L’aboutissement d’un processus dont le déclic capital est la modification du mode de succession par l’article 35 de la Constitution en décembre 1978. Un tour de passe-passe par lequel le Premier ministre succède au président de la République en terminant son mandat.
Senghor qui l’annonce à son successeur durant ses vacances de 1977 en Normandie, a déjà dans le viseur l’élection de 1978, pour un dernier magistère qui prend fin en 1983.
Il pense rendre les armes à mi-chemin, fin 1981
Le poète président ne jurerait pas la main sur une bible qu’Abdou Diouf pourrait se faire élire comme un grand pour lui succéder. Déjà, lorsqu’il s’agit de l’imposer à la tête de la coordination de l’Union progressiste sénégalaise, UPS, de Louga, il faut demander à Moustapha Cissé (parrain du tristement célèbre député Cissé Lô, « El Insultero ») de faire le ménage au point de dissoudre le conseil municipal que dirige Mansour Bouna Ndiaye…

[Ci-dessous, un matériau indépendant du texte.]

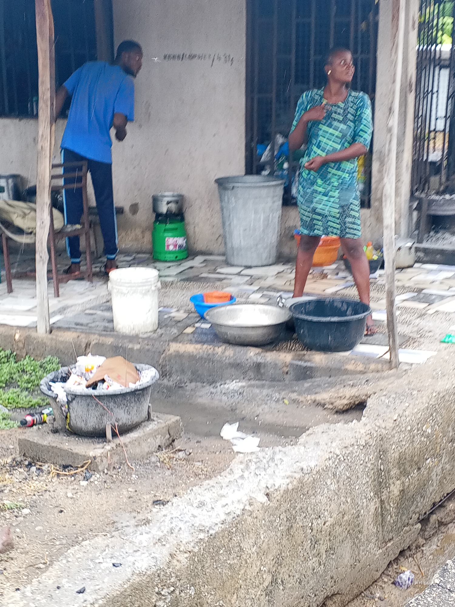 The image depicts a scene in Lokoja, Nigeria. In the foreground, a concrete drainage ditch separates the viewer from the main area of activity. A large, dark grey tub overflowing with trash sits on a concrete block on the near side of the ditch. Behind the ditch, on a paved area, are two adults. One man in a blue shirt and dark pants is standing on a wooden chair leaning into the wall. A woman in a blue and green patterned dress is standing with bare legs in front of the entrance to a building. Several metal bowls and plastic containers are arranged on the paved surface. A large silver trash can is behind her and she is standing next to a wooden post. A green gas canister is visible further back, against a beige wall. The background reveals a building with barred windows.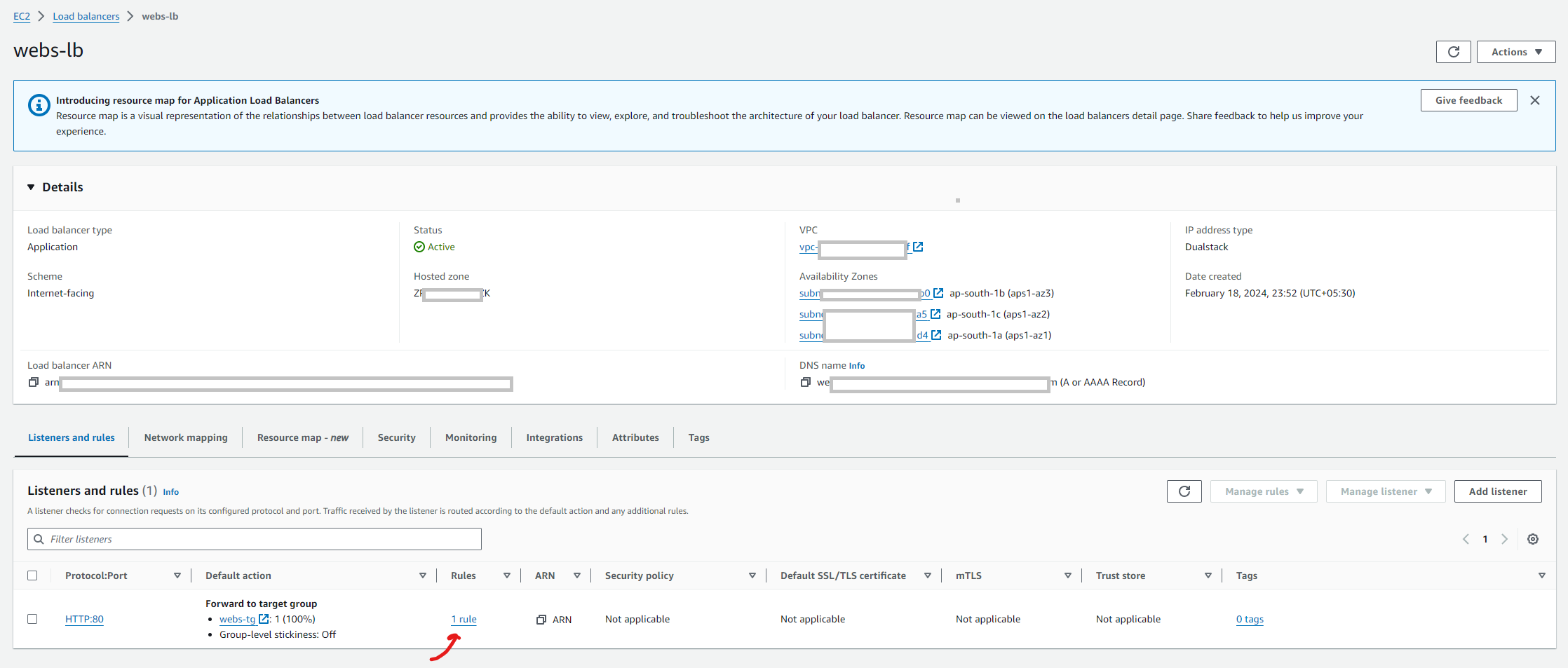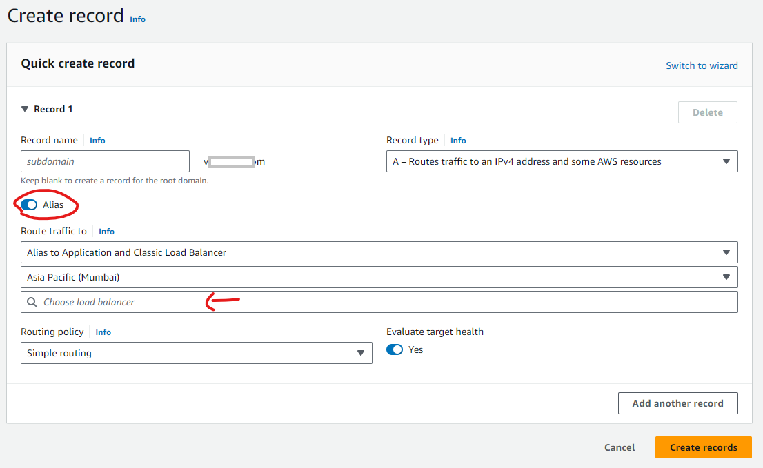 ***Note that one can create an alias A record to load balancer for routing traffic via domain name.***&#x20;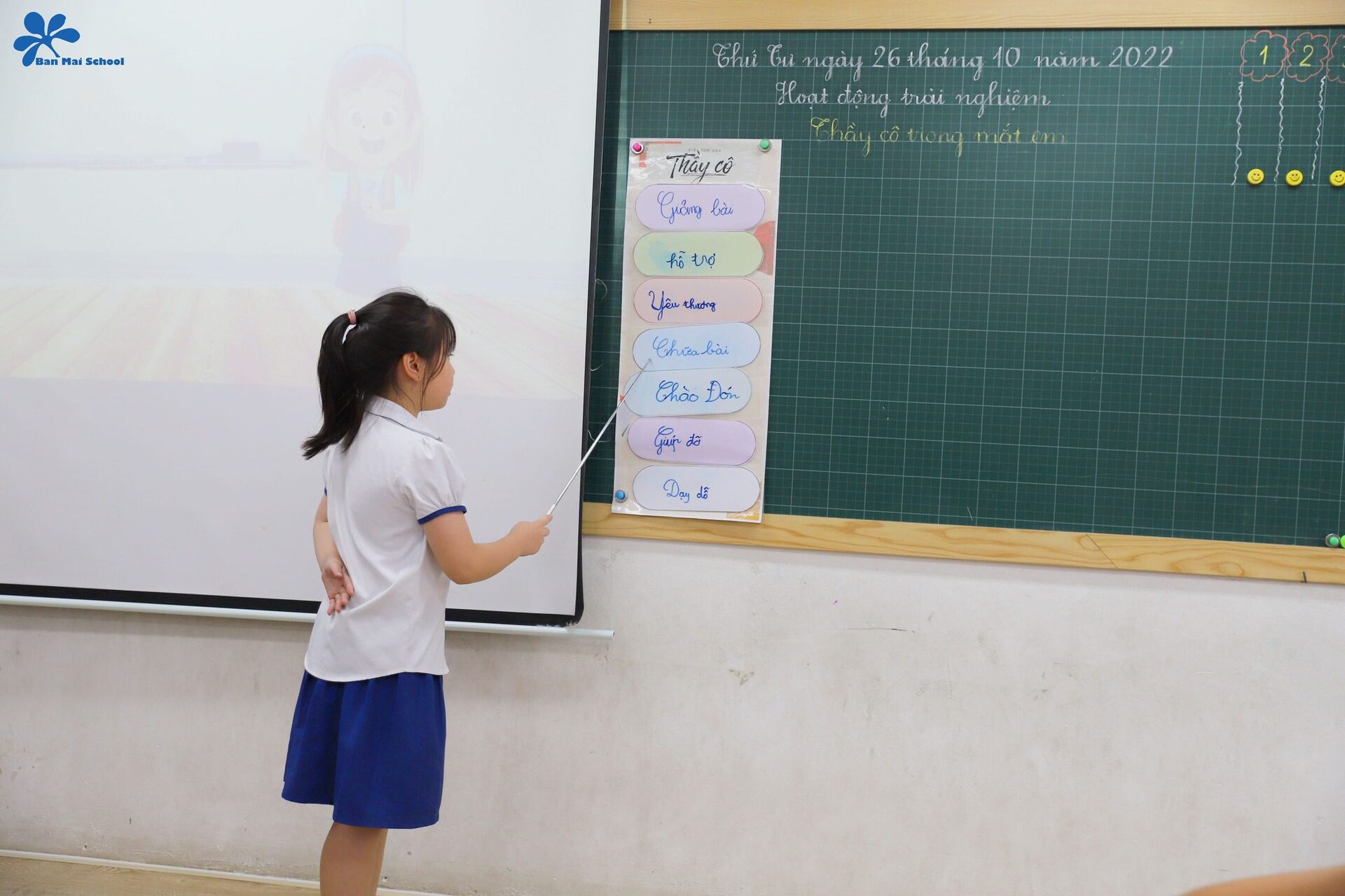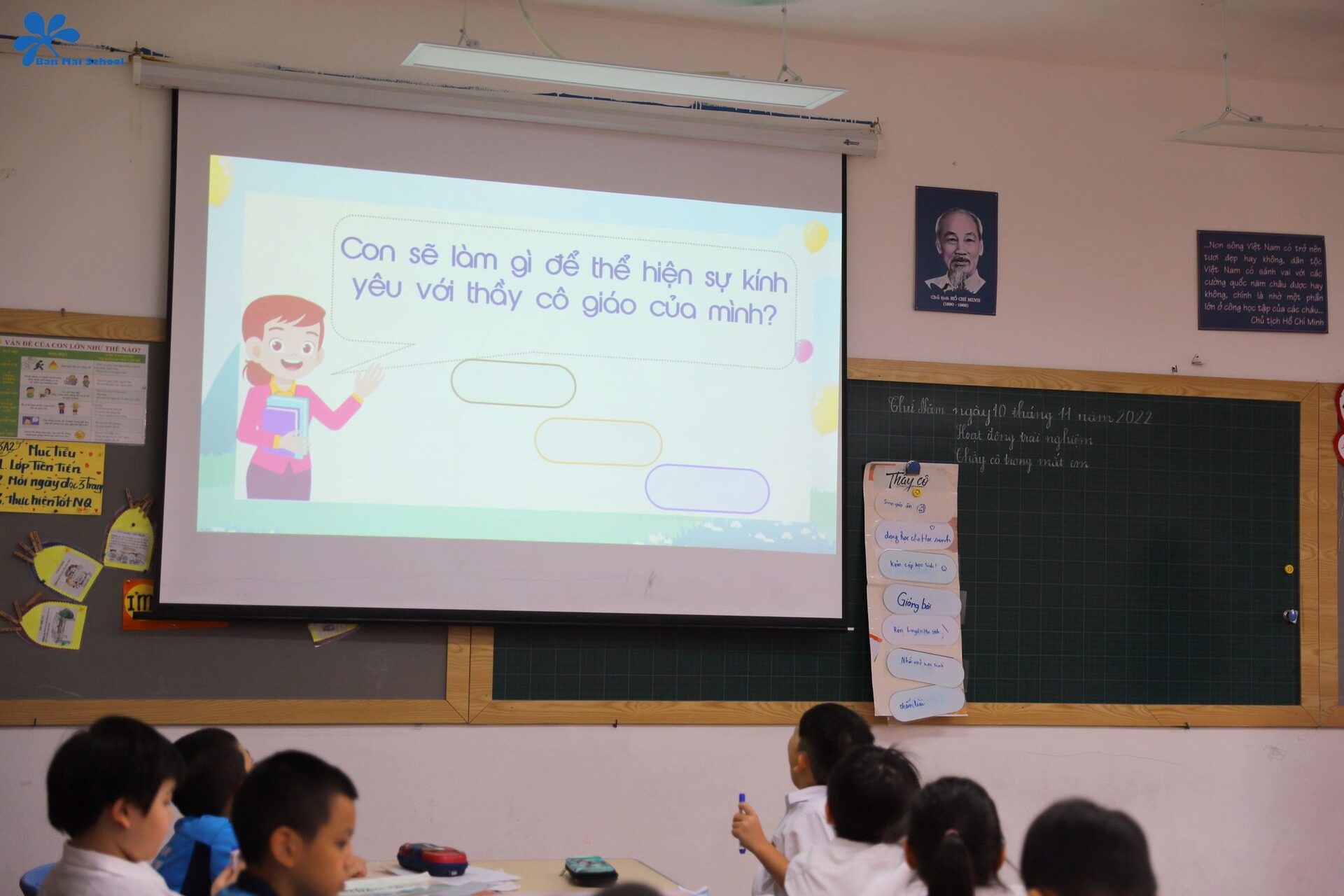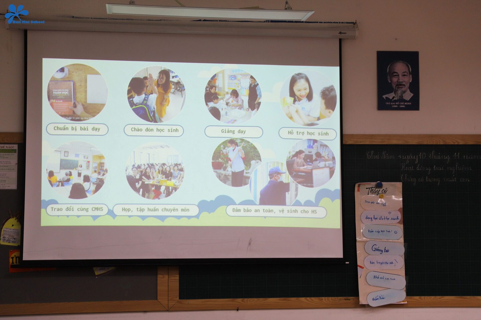 Bên cạnh đó, thông qua một video về công việc của thầy cô giáo cùng cán bộ, nhân viên tại Ban Mai, học sinh cũng có cơ hội nhận ra thông điệp: Mỗi thành viên trong nhà trường đều có một vai trò và nhiệm vụ khác nhau. Dù vất vả, gian nan nhưng mọi người vẫn luôn nỗ lực hết mình để mang lại cho các con những giá trị tốt đẹp nhất.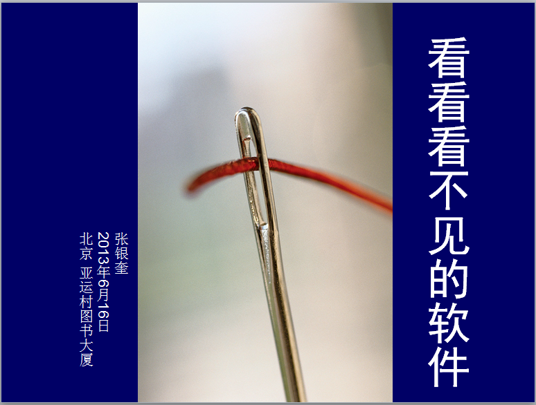 签售会上,我做了一个小讲座,题目叫《看看看不见的软件》。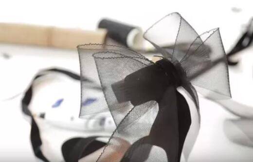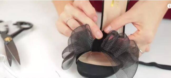 後面的大蝴蝶結會稍微麻煩一點。她先用網帶折出半個蝴蝶結,用針線固定住,再折出另一半的蝴蝶結。同樣的方法固定好。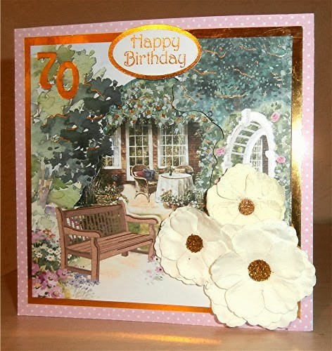 I was asked to make a birthday card for a 70 year old featuring a garden and flowers. I used a spotted pink background paper, on to which I matted gold mirror card and then used some Kanban pieces to create three layers of invertage for a garden scene. The flowers are craftime.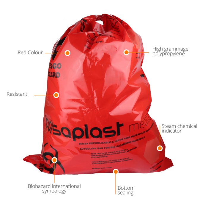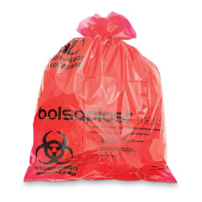 Special security bag made of high-grammage polypropylene. Special security Biohazard Bag made of high-grammage polypropylene. Used for the collection, transport and processing of contaminated materials and products. Thanks to its colour, it is easily recognisable by healthcare personnel, making it easier to use and process. It is a steam process indicator that turns dark when the bag has gone through a sterilisation process. Also included on the bag is the international biohazard symbol to ensure its designed use is easily interpreted. The thick seal at the bottom gives the bag great resistance to tearing and breakage, avoiding the risk of leakages.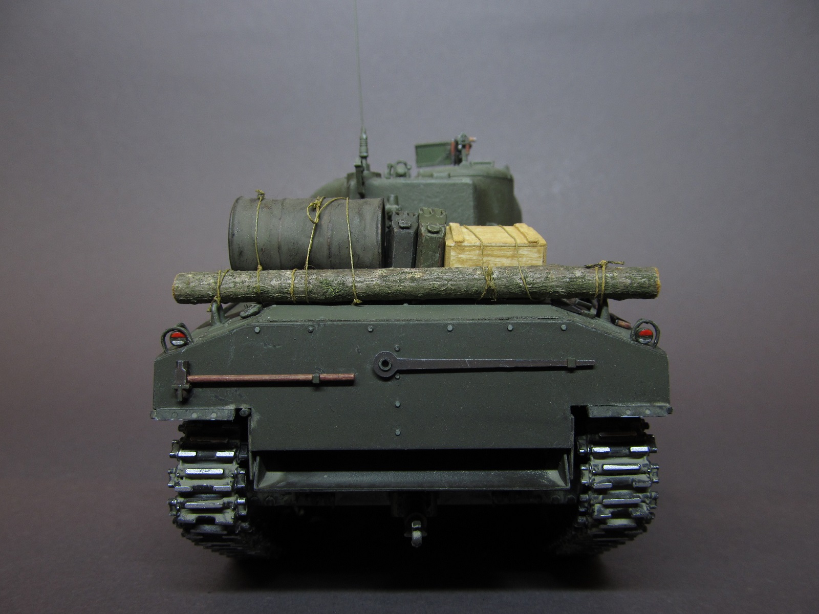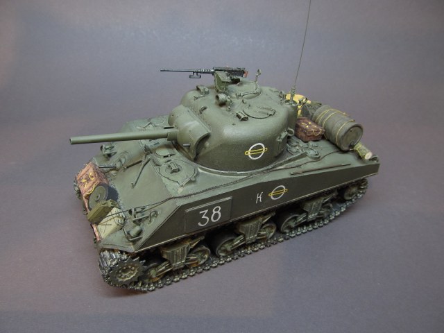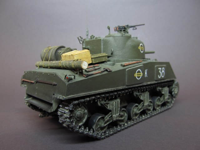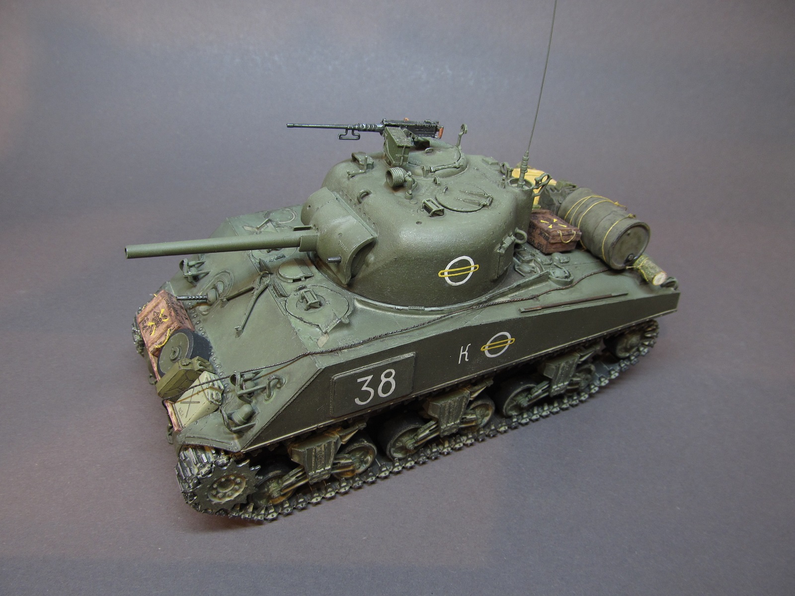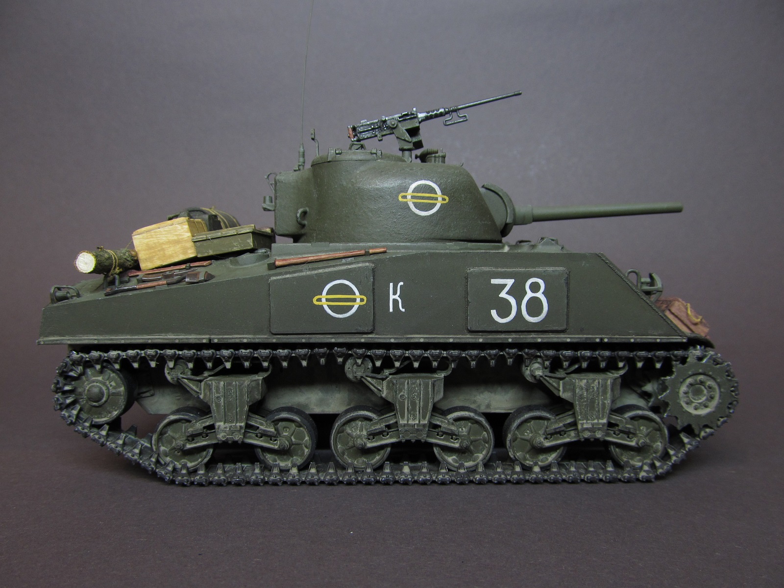 По поводу "обвеса": с ним танк (а тем паче- "Шерман") смотрится куда как интереснее. Опять же, основываясь на архивных фотографиях, можно увидеть, что экипажи данных машин при совершении маршей крепили на броню все необходимое, что могли закрепить и увезти: и доп. боеприпасы, и горючку, и прочий скарб. Пусть никого не смущает наличие на лобовой части танка канистр с топливом и ящика с патронами- для марша это вполне уместно.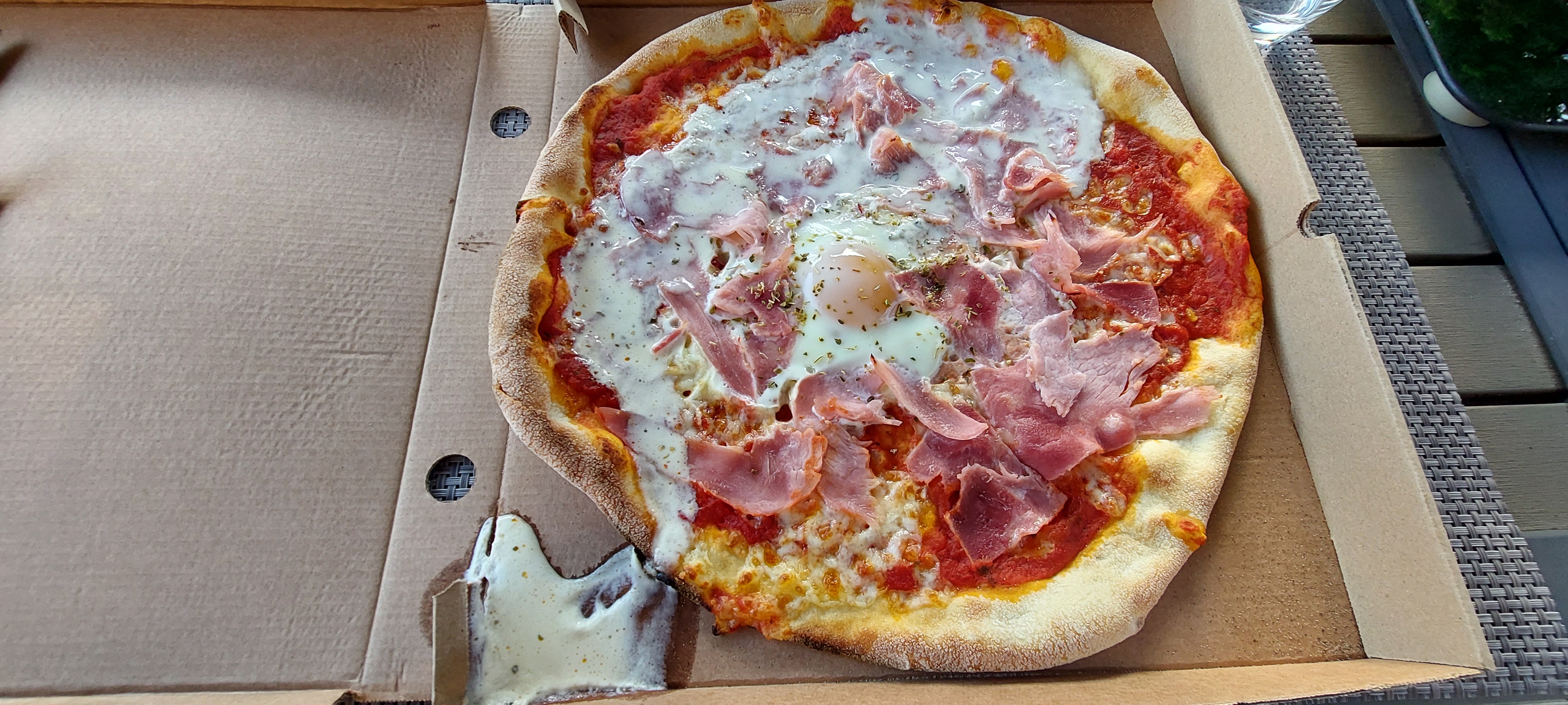 Nous avons passé commande ce soir de 3 pizzas à emporter. Il y avait plus de crème dans le carton que sur la pizza (et je ne parle pas du changement de recette de la creme ciboulette car cette dernière est inexistante), l oeuf n était pas coulant mais très cuit... Bref une mauvaise expérience de plus. Déjà que le changement de carte n était pas très appréciable mais là je peux dire que je ne suis pas prête d y revenir. Très très déçue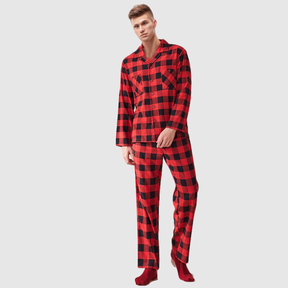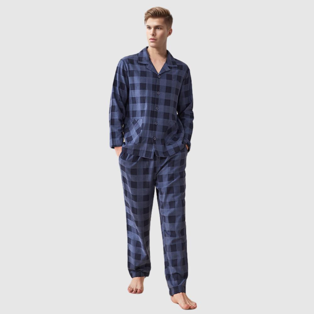 بيجامات رجالية فاخرة من Sehe Fashion E0108ME20 منقوشة للشتاء بأكمام طويلة للحفاظ على الدفء

Le longiligne Lougatois n’est pas le foudre de guerre, la bête politique capable de drainer les foules et embarquer les « barons » socialistes à sa suite. Les fortes têtes se voient mal, après le fascinant Senghor, accepter l’autorité d’un bien terne fonctionnaire : Amadou Cissé Dia, Alioune Badara Mbengue, Magatte Lô, Amadou Karim Gaye, Mady Cissokho, Lamine Diack.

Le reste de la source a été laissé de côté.